Recommended canonical deploy package for each service repo: - deploy/auto-pull.sh (change-detect + pull + restart + log) - deploy/<service>-autodeploy.service (oneshot) - deploy/<service>-autodeploy.timer (OnBootSec=30s, OnUnitActiveSec=60s) - .gitignore runtime policy (logs/, *.db-wal, *.db-shm, generated dirs, subscriber/runtime state)
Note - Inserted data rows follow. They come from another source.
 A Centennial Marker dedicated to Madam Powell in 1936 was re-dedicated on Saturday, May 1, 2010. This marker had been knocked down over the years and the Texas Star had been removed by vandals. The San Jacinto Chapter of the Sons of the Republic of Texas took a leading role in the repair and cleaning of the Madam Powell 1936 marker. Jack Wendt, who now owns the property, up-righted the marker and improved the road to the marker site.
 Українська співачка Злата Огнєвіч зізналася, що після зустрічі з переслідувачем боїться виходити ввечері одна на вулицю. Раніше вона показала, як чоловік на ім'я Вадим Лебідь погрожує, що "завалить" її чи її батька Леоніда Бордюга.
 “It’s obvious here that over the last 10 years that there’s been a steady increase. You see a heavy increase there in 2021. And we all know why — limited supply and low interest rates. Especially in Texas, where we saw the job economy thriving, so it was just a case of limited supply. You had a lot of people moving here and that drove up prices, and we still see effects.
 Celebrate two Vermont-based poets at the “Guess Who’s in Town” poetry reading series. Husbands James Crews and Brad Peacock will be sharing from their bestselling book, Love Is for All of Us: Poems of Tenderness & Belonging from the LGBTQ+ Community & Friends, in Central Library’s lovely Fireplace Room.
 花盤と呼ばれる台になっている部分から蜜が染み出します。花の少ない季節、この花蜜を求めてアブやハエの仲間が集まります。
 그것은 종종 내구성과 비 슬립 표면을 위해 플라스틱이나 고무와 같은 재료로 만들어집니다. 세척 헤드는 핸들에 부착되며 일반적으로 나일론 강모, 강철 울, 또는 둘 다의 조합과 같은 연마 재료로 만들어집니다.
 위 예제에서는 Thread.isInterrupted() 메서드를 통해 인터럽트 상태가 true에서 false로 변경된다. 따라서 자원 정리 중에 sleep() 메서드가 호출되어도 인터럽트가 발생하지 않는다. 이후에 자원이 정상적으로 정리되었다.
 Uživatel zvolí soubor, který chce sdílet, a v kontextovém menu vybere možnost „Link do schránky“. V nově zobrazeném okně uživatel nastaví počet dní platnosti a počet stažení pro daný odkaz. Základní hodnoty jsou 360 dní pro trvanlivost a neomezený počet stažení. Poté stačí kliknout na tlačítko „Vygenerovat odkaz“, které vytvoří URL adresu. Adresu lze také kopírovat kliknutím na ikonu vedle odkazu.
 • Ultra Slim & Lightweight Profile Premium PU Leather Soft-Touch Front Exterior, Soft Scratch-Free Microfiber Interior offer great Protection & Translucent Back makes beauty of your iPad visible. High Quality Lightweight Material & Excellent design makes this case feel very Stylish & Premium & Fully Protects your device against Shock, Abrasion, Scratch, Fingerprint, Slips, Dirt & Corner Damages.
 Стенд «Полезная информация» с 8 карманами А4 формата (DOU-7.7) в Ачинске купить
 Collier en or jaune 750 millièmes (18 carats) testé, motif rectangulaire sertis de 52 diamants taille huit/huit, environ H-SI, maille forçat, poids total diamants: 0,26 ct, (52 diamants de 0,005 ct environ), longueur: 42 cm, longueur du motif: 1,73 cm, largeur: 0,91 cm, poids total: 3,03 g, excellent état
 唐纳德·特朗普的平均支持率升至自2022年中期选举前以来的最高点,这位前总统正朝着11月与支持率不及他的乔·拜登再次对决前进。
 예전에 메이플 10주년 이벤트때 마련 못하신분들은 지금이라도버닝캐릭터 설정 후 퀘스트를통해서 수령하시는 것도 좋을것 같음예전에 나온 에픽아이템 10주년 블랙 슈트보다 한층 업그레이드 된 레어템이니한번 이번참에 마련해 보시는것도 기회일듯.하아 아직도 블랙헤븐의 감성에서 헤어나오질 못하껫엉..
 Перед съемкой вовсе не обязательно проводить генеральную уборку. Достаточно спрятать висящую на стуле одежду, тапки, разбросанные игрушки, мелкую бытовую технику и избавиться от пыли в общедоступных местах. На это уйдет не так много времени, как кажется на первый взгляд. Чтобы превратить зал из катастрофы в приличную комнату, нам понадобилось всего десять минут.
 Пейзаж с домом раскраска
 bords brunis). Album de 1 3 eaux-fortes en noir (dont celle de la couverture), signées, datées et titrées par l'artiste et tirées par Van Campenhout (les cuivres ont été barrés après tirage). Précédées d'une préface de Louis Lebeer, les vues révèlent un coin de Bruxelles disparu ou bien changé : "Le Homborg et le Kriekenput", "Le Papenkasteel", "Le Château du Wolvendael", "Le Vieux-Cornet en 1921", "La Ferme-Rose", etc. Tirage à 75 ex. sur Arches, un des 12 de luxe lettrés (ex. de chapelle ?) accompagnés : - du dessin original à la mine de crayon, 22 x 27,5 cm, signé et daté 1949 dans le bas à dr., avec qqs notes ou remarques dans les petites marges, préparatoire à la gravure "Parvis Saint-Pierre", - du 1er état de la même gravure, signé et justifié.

Device-by-Device Improvement Plan

DGX Spark

  1. Restore Spark service health before adding new endpoints.
  2. Split training artifact output from source checkout (/opt/training/.../results out of git tree or ignored).
  3. Keep Spark API exposure through Prometheus tunnel only if intentional; otherwise move to dedicated Spark tunnel for reduced blast radius.

Prometheus

  1. Standardize all hosted repos to one timer template; retire ad hoc cron deploy scripts.
  2. Move runtime data out of repo roots (subscriber data, analytics db, generated assets).
  3. Add nightly repo hygiene job producing a local report: behind/ahead + dirty counts.

Atlas

  1. Convert config drift (settings.yaml, schedules.yaml, onboarding docs) into explicit policy:
  2. either commit as canonical defaults,
  3. or externalize to host-only config path.
  4. Mirror Prometheus deploy template for consistency.

Epimetheus

  1. Decide role: standby or active host.
  2. If active: install nginx + cloudflared + baseline deploy template.
  3. If standby: keep minimal and document failover bootstrap script.

Prioritized Actions

P0 (today)

  1. Repair DGX Spark app stack (spark-llm, spark-image-gen, spark-video-gen, spark-api) and verify end-to-end via spark.digitalsurfacelabs.com.
  2. Clean host repo drift for externally served services (openarcade, modern-news, task-processor, screen-self-driving).
  3. Fast-forward /ssd/moria to origin/main and remove host-only untracked deploy files from repo tree.

P1 (this week)

  1. Roll out canonical auto-pull timer template to all active services.
  2. Normalize .gitignore policies for runtime artifacts and generated data across active repos.
  3. Add per-service healthcheck.sh invoked after restart.

P2 (next week)

  1. Promote Epimetheus into active service host or formal standby runbook.
  2. Add centralized inventory generation (topology.json + hygiene CSV) on a scheduled cadence.
  3. Add CI guardrails to block accidental commits of runtime/generated paths.

Deliverables Created

  • research/scripts/collect_host_audit.sh
  • research/data/2026-02-25/topology.json
  • research/data/2026-02-25/repo_hygiene.csv
  • research/data/2026-02-25/{spark,prometheus,atlas,epimetheus}/... raw snapshots
  • research/data/2026-02-25/local/commits-since-2026-01-25.txt

Assumptions

  • "Code Two" was interpreted as your active/pushed repo work over the last month (2026-01-25..2026-02-25) based on local git and sync logs.
  • Walmart Alaska MacBook was intentionally excluded in this run.